In the fifth embodiment, as shown in FIG. 7, a p-type nitride semiconductor layer 508 is formed on the nitride semiconductor layer 202 so as to sandwich the source electrode 213 s with the nitride semiconductor layer 203. In addition, an anode electrode 515 is formed on the nitride semiconductor layer 508. Similar to the nitride semiconductor layer 203, the nitride semiconductor layer 508 is a GaN layer into which, for example, 5 × 10 ¹⁷ cm ⁻³ to 1 × 10 ¹⁹ cm ⁻³ of Mg is introduced as a p-type impurity. It is about 40 nm to about 100 nm. The anode electrode 515 includes, for example, a Ni film and an Au film thereon. The anode electrode 515 is connected to the intermediate electrode 210. The nitride semiconductor layer 202 contains an n-type impurity. The nitride semiconductor layer 508 is an example of an eighth nitride semiconductor layer. Other configurations are the same as those of the third embodiment.
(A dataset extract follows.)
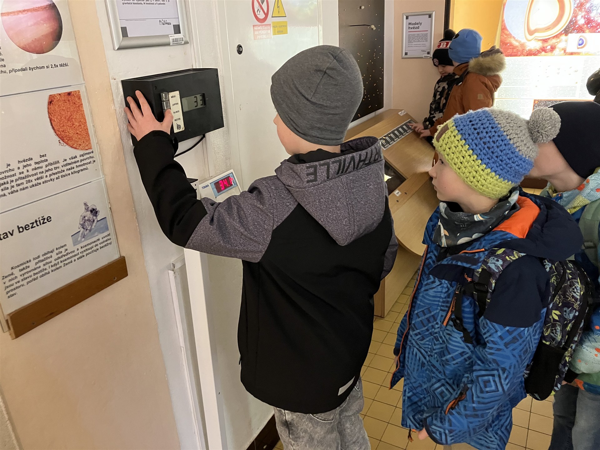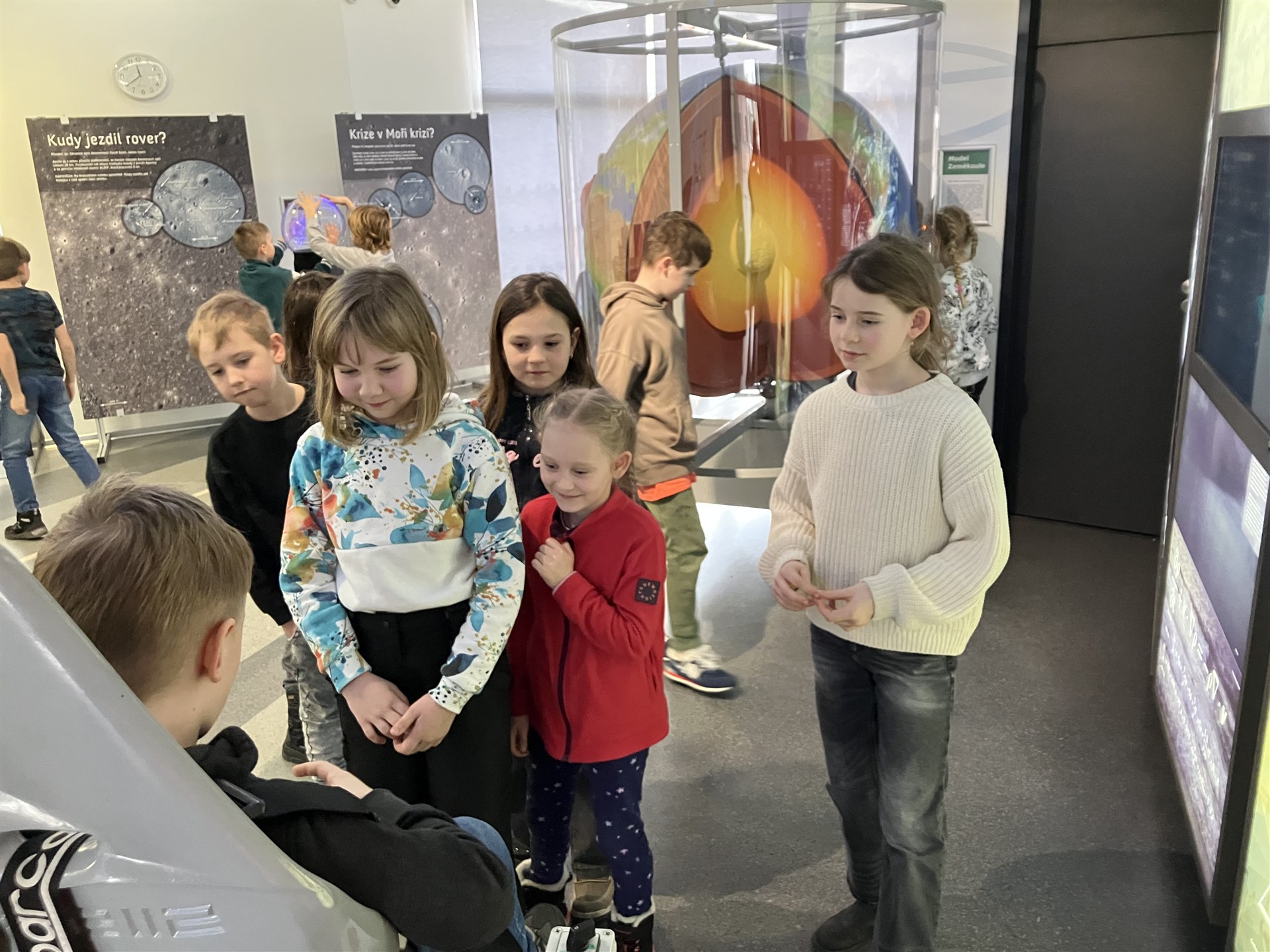 Dnes byli žáci ze 3. C se svojí paní učitelkou a s paní vychovatelkou na hvězdárně. Navštívili jsme planetárium, po prohlédnutí všech zajímavých informací a přístrojů na ochozech planetária jsme uvnitř shlédli promítání k noční obloze se souhvězdími, s planetami, které je možno pozorovat, prolétli jsme se kosmickým plavidlem po naší Sluneční soustavě od Slunce až k jejím samotným okrajům, na závěr byla ještě vesmírná pohádka, vysvětlující hlavně práci vědců, dále pohyby naší planety Země, ukazovala i ostatní planety, prstence u Saturnu, povrch Marsu atd. Na závěr jsme se podívali i do staré budovy hvězdárny, děti se zvážily na vesmírné váze, která jim ukázala hmotnost, jakou by měly na jiných tělesech Sluneční soustavy, na vzpomínku si koupily i drobnosti a suvenýry v obchůdku. S novými poznatky a dojmy jsme se vrátili do školy. Děti své získané znalosti použijí při výuce o vesmíru v Prvouce. Mgr. Dariusová

  In the fifth embodiment, the nitride semiconductor layer 508 and the nitride semiconductor layer 202 are included in the pn junction diode 553. In addition, the source electrode 213s can function as a cathode electrode. For this reason, the potential of the intermediate electrode 210 can be suppressed below the forward breakdown voltage of the pn junction diode 553, and the normally-off operation unit 251 can be prevented from being destroyed.

  In the fourth embodiment and the fifth embodiment, the sixth nitride semiconductor layer 307 may not be provided as in the second embodiment.

  Regarding the electrode layouts of the second to fifth embodiments, when the multi-finger gate structure is adopted, the layout viewed from the surface side of the substrate 200 is, for example, as shown in FIG. That is, the planar shape of the gate electrode 213g, the source electrode 213s, the drain electrode 213d, the intermediate electrode 210 or 410, and the field plate electrode 214 is a comb shape, and the source electrode 213s and the drain electrode 213d are alternately arranged. Yes. The plurality of gate electrodes 213g are commonly connected to each other, the plurality of source electrodes 213s are commonly connected to each other, the plurality of drain electrodes 213d are commonly connected to each other, and the plurality of field plate electrodes 214 are commonly connected to each other. By adopting such a multi-finger gate structure, output power can be improved.

(Sixth embodiment)
The sixth embodiment relates to a discrete package of a GaN-based HEMT. FIG. 9 is a view showing a discrete package according to the sixth embodiment.

  In the sixth embodiment, as shown in FIG. 9, the back surface of the GaN-based HEMT HEMT chip 1210 of any of the second to fifth embodiments is land (die pad) using a die attach agent 1234 such as solder. 1233 is fixed. Further, a wire 1235d such as an Al wire is connected to the drain pad 1226d to which the drain electrode 213d is connected, and the other end of the wire 1235d is connected to a drain lead 1232d integrated with the land 1233. A wire 1235 s such as an Al wire is connected to the source pad 1226 s connected to the source electrode 213 s and the intermediate electrode 210 or 410, and the other end of the wire 1235 s is connected to a source lead 1232 s independent of the land 1233. A wire 1235g such as an Al wire is connected to the gate pad 1226g connected to the gate electrode 213g, and the other end of the wire 1235g is connected to a gate lead 1232g independent of the land 1233. The land 1233, the HEMT chip 1210, and the like are packaged with the mold resin 1231 so that a part of the gate lead 1232g, a part of the drain lead 1232d, and a part of the source lead 1232s protrude.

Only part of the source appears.